Sistema circular de cultivo

  Outra técnica de produção que tem se mostrado estratégica para fortalecer a agricultura no sertão é o cultivo de hortaliças em mandalas agrícolas. Esse sistema organiza a produção em círculos concêntricos, em torno de um ponto central, como um poço de peixes ou galinheiro. Esse sistema agrícola integra diferentes culturas em um mesmo espaço, favorecendo a diversidade. 

  Na Escola Família Agrícola do Território da Chapada Diamantina (EFA), localizada em Seabra, o projeto chegou em 2024, visando promover a sustentabilidade e evitar o uso de defensivos químicos. Segundo o técnico em agropecuária (conferir) e professor da escola, Manuel Messias Júnior, o modelo funciona como um sistema integrado e autossustentável. “Os alimentos que não são destinados ao comércio, ou a merenda escolar, retorna para o aviário (galinheiro), e, em contrapartida, todos os dejetos voltam para a mandala, como nutrição para o solo”, aponta Junior. 
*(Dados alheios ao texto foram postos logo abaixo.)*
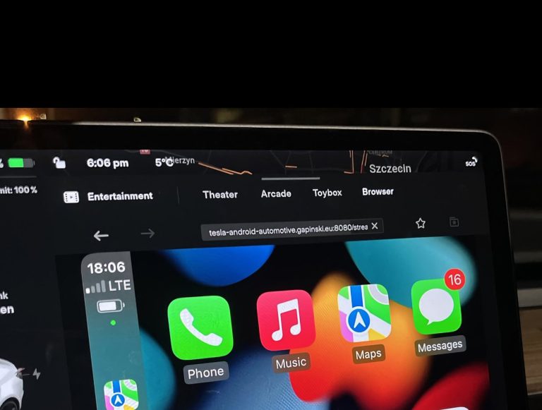 Michal Gapinski 展示了在他的特斯拉汽車顯示螢幕上運行 CarPlay,發現蘋果車載系統功能非常實用,包括 Apple Maps 地圖和 Apple Music 音樂。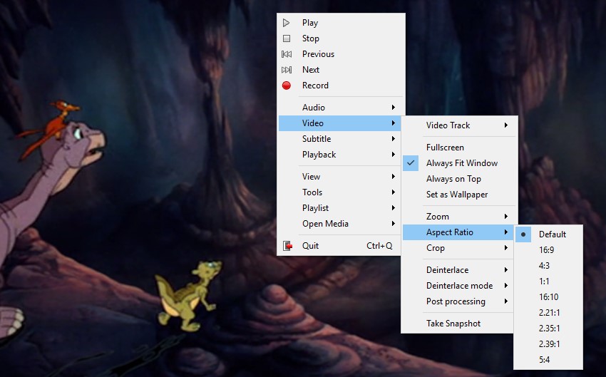 I use VLC most often to play movie files that I have ripped and converted from DVDs and Blu-rays that I own. It plays them flawlessly and includes subtitle and chapter support. The controls allow speeding up and slowing down video frame rates, adjusting the volume, skipping to the next item on a playlist, and cropping to fit a specific aspect ratio.

Estudantes da EFA realizando a manutenção da mandala agricola. Foto: arquivo pessoal

  O técnico reforça que a tecnologia pode ser replicada nos quintais produtivos, impactando a vida do produtor em diversos aspectos, como produção sustentável, rentabilidade, e minimização do êxodo rural. “Se esse projeto fosse implementado nas comunidades, poderia minimizar ou acabar com o êxodo rural. Essas pessoas não precisariam sair do seu lugar de origem em busca de emprego, ali mesmo eles poderiam ter sua fonte de renda”, afirma Júnior. 

Caatinga em pé

Umbuzeiro, a árvore nativa da caatinga e essencial para o recaatingamento. Foto reprodução: cartilhas do IRPAA

  Conciliar a presença humana com o ambiente natural, por meio de métodos compatíveis com a realidade social da região, é trabalhar para enriquecer a vida do solo e da população da região. A Caatinga é fonte de plantas que carregam tradição: frutas silvestres, fibras e plantas medicinais. Além de recanto para o pastoreio de caprinos como as cabras e ovelhas e na produção de abelhas nativas.

  Por meio da valorização da caatinga em pé reconhecemos os povos tradicionais como guardiões do bioma e da diversidade de saberes e tradições presentes nele. São esses conhecimentos, aliados às tecnologias sociais de convivência com o semiárido, que possibilitam produzir sem destruir. Nesse contexto, o protagonismo das mulheres ganha centralidade, seja na gestão da água, na produção de alimentos, na ciência, ou no fortalecimento do empreendedorismo feminino como caminho de autonomia e geração de renda. Assim, a agricultura sustentável no semiárido se afirma não apenas como técnica, mas como projeto de vida, enraizado no território, na justiça social e no cuidado com o futuro.

*Aluna do curso de Jornalismo da Uneb Seabra. Sob orientação da professora Dayanne Pereira.